The get_optimized_prompt function performs the following tasks:

The user query and similar examples generate a few-shot prompt.
We use the few-shot prompt in an LLM call to generate an optimized prompt.
Make sure the output is in the following format using Pydantic.

See the following code:

# Function to generate an optimized prompt using Bedrock and return only the prompt using Pydantic
def get_optimized_prompt(user_query, nearest_examples):
    # Generate the few-shot prompt
    few_shot_prompt = generate_few_shot_prompt_only(user_query, nearest_examples)
    
    # Call the LLM to generate the optimized prompt
    response = llm.invoke(few_shot_prompt)
    
    # Extract and validate only the optimized prompt using Pydantic
    optimized_prompt = response.content # Fixed to access the 'content' attribute of the AIMessage object
    optimized_prompt_output = OptimizedPromptOutput(optimized_prompt=optimized_prompt)
    
    return optimized_prompt_output.optimized_prompt

# Example usage
query = "Is the US dollar weakening over time?"
nearest_examples = get_matched_convo(query, df_test)
nearest_examples.reset_index(drop=True, inplace=True)

# Generate optimized prompt
optimized_prompt = get_optimized_prompt(query, nearest_examples)
print("Optimized Prompt:", optimized_prompt)

The make_llm_call_with_optimized_prompt function uses an optimized prompt and user query to make the LLM (Anthropic’s Claude Haiku 3.5) call to get the final response:

# Function to make the LLM call using the optimized prompt and user query
def make_llm_call_with_optimized_prompt(optimized_prompt, user_query):
    start_time = time.time()
    # Combine the optimized prompt and user query to form the input for the LLM
    final_prompt = f"{optimized_prompt}nnUser Query: {user_query}nResponse:"

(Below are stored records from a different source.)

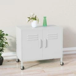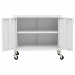 This steel cabinet will keep your house clean and well-organized! This storage cabinet is made of steel, making it sturdy and stable. The adjustable shelf provides ample storage space to keep your DVDs, multimedia appliances, books and small essential items organized and within reach. The cabinet is equipped with four wheels for easy movement. The two front wheels have brakes to avoid accidental move. It is also easy to clean with a damp cloth.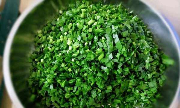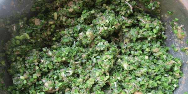 3、 新鮮的韭菜摘去老葉後清洗幹凈,然後切碎。五花肉剁成肉泥。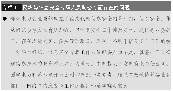 1. 部分電力企業(yè)網(wǎng)絡(luò)與信息安全工作多頭管理,職能交叉,缺乏統(tǒng)一領(lǐng)導(dǎo)和溝通協(xié)調(diào);信息安全工作人員配備不足,甚至身兼數(shù)職,不利于信息安全工作的落實(shí)。
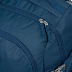 Materiał hydrofobowy szybko schnie i łatwo się czyści. Praktyczne elementy, takie jak zintegrowana przegroda na laptopa, kieszeń na okulary, karabińczyk na klucze oraz pasek do mocowania na walizce, ułatwiają organizację. Odpinane pasy piersiowy i biodrowy pomagają równomiernie rozłożyć obciążenie.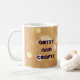 logotipo artístico y artesano texto taza de café taza para aficionados a las artes y artesanías en tu vida Texto fuente en azul, melocotón rosa con diseño de texto azul disponible en otros artículos ideal para los aficionados a la costura pintura tejer recortes impresión de reserva u otro hobby artesanal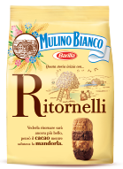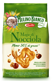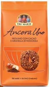 Tre Marie, Ancora uno. Frollino con cacao e granella di nocciola. Ingredienti: Farina di frumento, Zucchero di canna, Olio di mais, Nocciole 8%, Burro, Cacao 4,5%, Uova fresche, Destrosio, Sciroppo di glucosio – fruttosio, Amido, Agenti lievitanti (carbonato acido di sodio, carbonato acido di ammonio, tartrato monopotassico), Sale marino integrale, Aromi. Il prodotto può contenere tracce di latte, sesamo e altra frutta a guscio, quindi non è idoneo al consumo da parte di soggetti allergici a tali sostanze. |
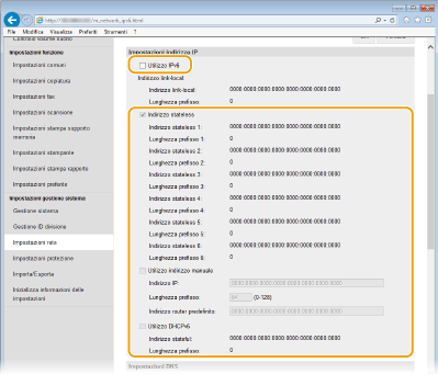 Gli indirizzi IPv6 della macchina possono essere configurati attraverso la IU remota. Prima di impostare indirizzi IPv6, verificare le impostazioni dell'indirizzo IPv4 (Visualizzazione delle impostazioni IPv4). È necessario impostare correttamente i parametri IPv4 per utilizzare gli indirizzi IPv6. Tenere presente che la funzione di scansione che utilizza il driver dello scanner o MF Scan Utility non è disponibile in ambiente IPv6. La macchina può utilizzare fino a nove dei seguenti indirizzi IPv6:

    # Make the call to the LLM using the combined prompt
    response = llm.invoke(final_prompt)
    
    # Extract only the content from the LLM response
    final_response = response.content  # Extract the response content without adding any labels
    time_taken = time.time() - start_time
    return final_response,time_taken

# Example usage
user_query = "How to grow avocado indoor?"
# Assume 'optimized_prompt' has already been generated from the previous step
final_response,time_taken = make_llm_call_with_optimized_prompt(optimized_prompt, user_query)
print("LLM Response:", final_response)

Comparative evaluation of optimized and unoptimized prompts

To compare the optimized prompt with the baseline (in this case, the unoptimized prompt), we defined a function that returned a result without an optimized prompt for all the queries in the evaluation dataset:

def get_unoptimized_prompt_response(df_eval):
    # Iterate over the dataframe and make LLM calls
    for index, row in tqdm(df_eval.iterrows()):
        # Get the user query from 'conv_A_user'
        user_query = row['conv_A_user']
        
        # Make the Bedrock LLM call
        response = llm.invoke(user_query)
        
        # Store the response content in a new column 'unoptimized_prompt_response'
        df_eval.at[index, 'unoptimized_prompt_response'] = response.content  # Extract 'content' from the response object
    
    return df_eval

The following function generates the query response using similarity search and intermediate optimized prompt generation for all the queries in the evaluation dataset:

def get_optimized_prompt_response(df_eval):
    # Iterate over the dataframe and make LLM calls
    for index, row in tqdm(df_eval.iterrows()):
        # Get the user query from 'conv_A_user'
        user_query = row['conv_A_user']
        nearest_examples = get_matched_convo(user_query, df_test)
        nearest_examples.reset_index(drop=True, inplace=True)
        optimized_prompt = get_optimized_prompt(user_query, nearest_examples)
        # Make the Bedrock LLM call
        final_response,time_taken = make_llm_call_with_optimized_prompt(optimized_prompt, user_query)
        
        # Store the response content in a new column 'unoptimized_prompt_response'
        df_eval.at[index, 'optimized_prompt_response'] = final_response  # Extract 'content' from the response object
    
    return df_eval

This code compares responses generated with and without few-shot optimization, setting up the data for evaluation.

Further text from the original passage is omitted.